Each line below from the line with "为深入学习宣传贯彻党的二十大" to the line with "Chandigarh, March 1" must be copied exactly, including those two, and no picture may appear in the copy.

* **INFORMATION SHOWN**:
--------------------
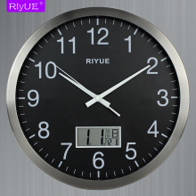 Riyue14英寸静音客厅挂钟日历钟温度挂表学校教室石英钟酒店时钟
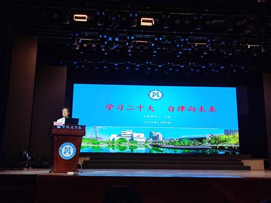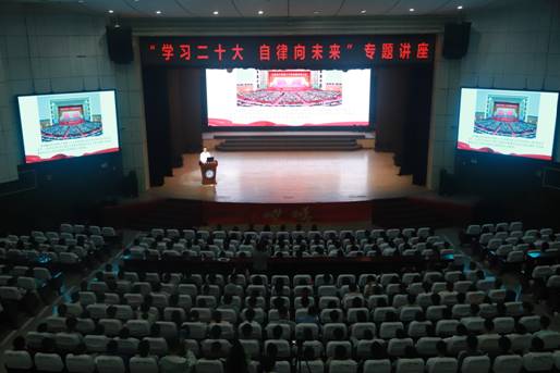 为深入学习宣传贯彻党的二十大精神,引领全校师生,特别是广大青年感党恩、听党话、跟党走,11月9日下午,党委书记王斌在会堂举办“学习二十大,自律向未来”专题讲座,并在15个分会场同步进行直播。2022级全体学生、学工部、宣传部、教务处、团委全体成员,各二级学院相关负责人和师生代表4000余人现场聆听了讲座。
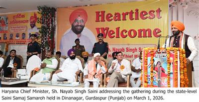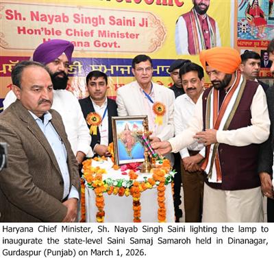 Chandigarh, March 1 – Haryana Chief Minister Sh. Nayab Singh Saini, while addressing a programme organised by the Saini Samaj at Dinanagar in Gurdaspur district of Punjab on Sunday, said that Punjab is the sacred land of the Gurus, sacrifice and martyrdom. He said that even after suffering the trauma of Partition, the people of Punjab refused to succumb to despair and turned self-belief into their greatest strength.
--------------------
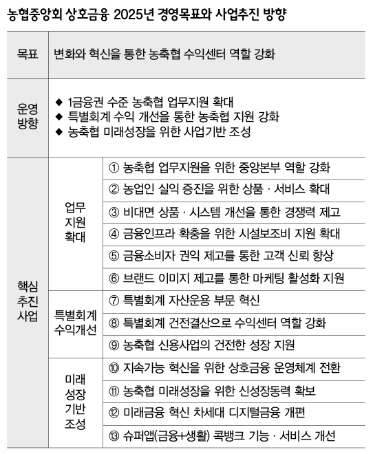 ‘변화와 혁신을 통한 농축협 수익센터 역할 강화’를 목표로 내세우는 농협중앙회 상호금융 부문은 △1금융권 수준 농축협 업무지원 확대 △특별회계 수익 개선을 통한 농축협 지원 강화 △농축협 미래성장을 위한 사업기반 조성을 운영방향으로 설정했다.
--------------------
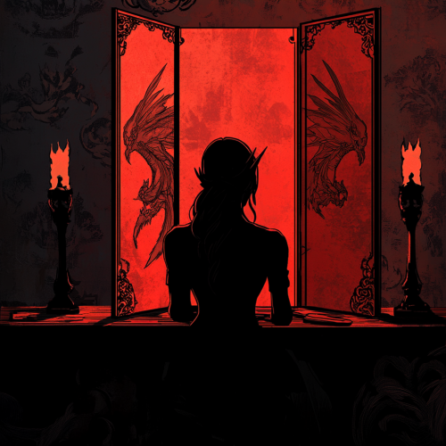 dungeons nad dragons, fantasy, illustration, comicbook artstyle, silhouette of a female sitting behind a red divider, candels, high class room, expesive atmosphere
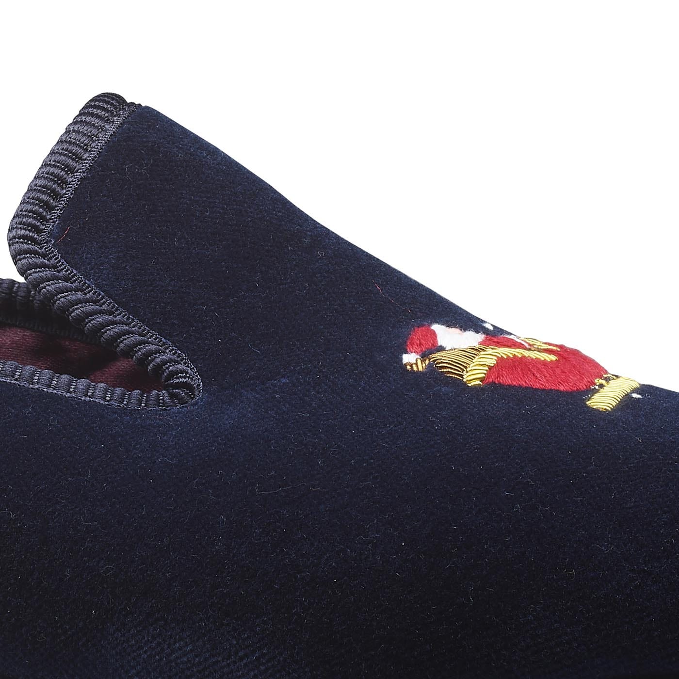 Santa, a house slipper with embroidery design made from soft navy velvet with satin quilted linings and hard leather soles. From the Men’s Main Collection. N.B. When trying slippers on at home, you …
--------------------
* **TASK RESPONSE**:
 为深入学习宣传贯彻党的二十大精神,引领全校师生,特别是广大青年感党恩、听党话、跟党走,11月9日下午,党委书记王斌在会堂举办“学习二十大,自律向未来”专题讲座,并在15个分会场同步进行直播。2022级全体学生、学工部、宣传部、教务处、团委全体成员,各二级学院相关负责人和师生代表4000余人现场聆听了讲座。
 Chandigarh, March 1 – Haryana Chief Minister Sh. Nayab Singh Saini, while addressing a programme organised by the Saini Samaj at Dinanagar in Gurdaspur district of Punjab on Sunday, said that Punjab is the sacred land of the Gurus, sacrifice and martyrdom. He said that even after suffering the trauma of Partition, the people of Punjab refused to succumb to despair and turned self-belief into their greatest strength.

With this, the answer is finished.